Supplied information ->
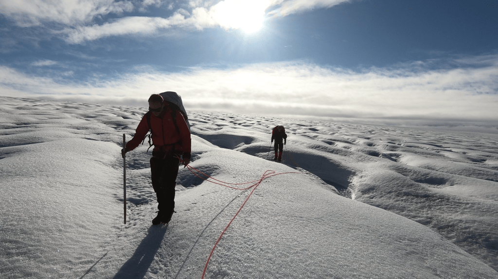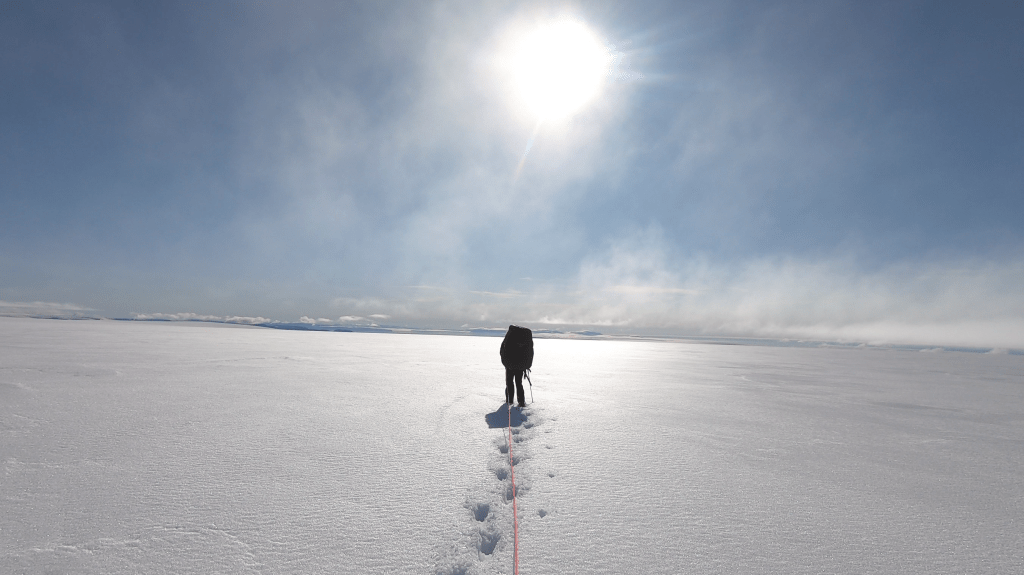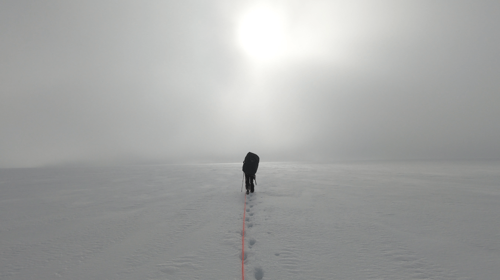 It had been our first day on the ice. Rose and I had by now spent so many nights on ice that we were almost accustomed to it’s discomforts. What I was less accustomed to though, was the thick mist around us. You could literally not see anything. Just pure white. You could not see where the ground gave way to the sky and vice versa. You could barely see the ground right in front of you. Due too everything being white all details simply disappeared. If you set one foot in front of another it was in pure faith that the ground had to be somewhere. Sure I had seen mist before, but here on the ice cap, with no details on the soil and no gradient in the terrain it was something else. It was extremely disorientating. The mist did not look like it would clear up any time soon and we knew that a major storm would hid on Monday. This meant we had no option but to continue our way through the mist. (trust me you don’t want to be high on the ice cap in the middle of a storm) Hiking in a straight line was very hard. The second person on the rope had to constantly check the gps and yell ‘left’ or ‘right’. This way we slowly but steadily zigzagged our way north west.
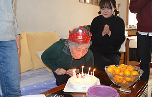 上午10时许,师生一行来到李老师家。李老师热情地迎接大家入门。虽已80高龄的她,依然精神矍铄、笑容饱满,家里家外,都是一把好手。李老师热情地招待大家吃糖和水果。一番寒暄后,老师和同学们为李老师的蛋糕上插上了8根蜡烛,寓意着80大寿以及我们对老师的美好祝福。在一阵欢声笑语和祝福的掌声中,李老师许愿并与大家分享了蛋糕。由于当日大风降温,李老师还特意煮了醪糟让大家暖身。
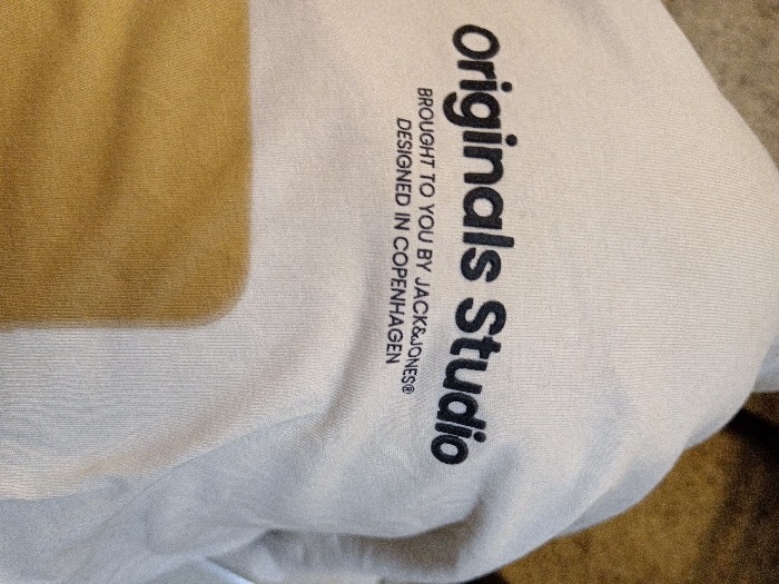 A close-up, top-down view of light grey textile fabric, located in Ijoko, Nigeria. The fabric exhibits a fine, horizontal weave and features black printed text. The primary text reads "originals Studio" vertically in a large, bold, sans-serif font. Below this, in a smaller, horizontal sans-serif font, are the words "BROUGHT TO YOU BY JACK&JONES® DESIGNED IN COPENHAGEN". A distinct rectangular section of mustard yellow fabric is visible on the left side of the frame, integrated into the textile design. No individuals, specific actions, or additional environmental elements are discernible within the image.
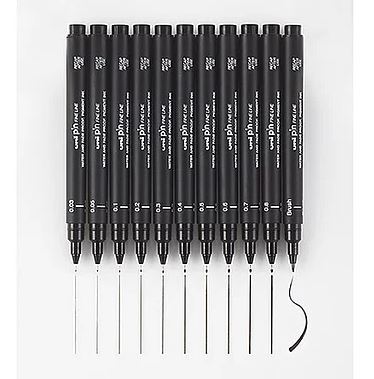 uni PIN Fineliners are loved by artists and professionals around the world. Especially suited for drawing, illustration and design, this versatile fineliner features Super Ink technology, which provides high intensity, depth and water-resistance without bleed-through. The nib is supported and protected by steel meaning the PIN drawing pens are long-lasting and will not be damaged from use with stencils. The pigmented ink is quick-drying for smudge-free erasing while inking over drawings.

Your goal ->
Repeat verbatim the lines between the start of the data and the line containing "A close-up, top-down", both ends included, omitting all pictures.

Your solution ->
 It had been our first day on the ice. Rose and I had by now spent so many nights on ice that we were almost accustomed to it’s discomforts. What I was less accustomed to though, was the thick mist around us. You could literally not see anything. Just pure white. You could not see where the ground gave way to the sky and vice versa. You could barely see the ground right in front of you. Due too everything being white all details simply disappeared. If you set one foot in front of another it was in pure faith that the ground had to be somewhere. Sure I had seen mist before, but here on the ice cap, with no details on the soil and no gradient in the terrain it was something else. It was extremely disorientating. The mist did not look like it would clear up any time soon and we knew that a major storm would hid on Monday. This meant we had no option but to continue our way through the mist. (trust me you don’t want to be high on the ice cap in the middle of a storm) Hiking in a straight line was very hard. The second person on the rope had to constantly check the gps and yell ‘left’ or ‘right’. This way we slowly but steadily zigzagged our way north west.
 上午10时许,师生一行来到李老师家。李老师热情地迎接大家入门。虽已80高龄的她,依然精神矍铄、笑容饱满,家里家外,都是一把好手。李老师热情地招待大家吃糖和水果。一番寒暄后,老师和同学们为李老师的蛋糕上插上了8根蜡烛,寓意着80大寿以及我们对老师的美好祝福。在一阵欢声笑语和祝福的掌声中,李老师许愿并与大家分享了蛋糕。由于当日大风降温,李老师还特意煮了醪糟让大家暖身。
 A close-up, top-down view of light grey textile fabric, located in Ijoko, Nigeria. The fabric exhibits a fine, horizontal weave and features black printed text. The primary text reads "originals Studio" vertically in a large, bold, sans-serif font. Below this, in a smaller, horizontal sans-serif font, are the words "BROUGHT TO YOU BY JACK&JONES® DESIGNED IN COPENHAGEN". A distinct rectangular section of mustard yellow fabric is visible on the left side of the frame, integrated into the textile design. No individuals, specific actions, or additional environmental elements are discernible within the image.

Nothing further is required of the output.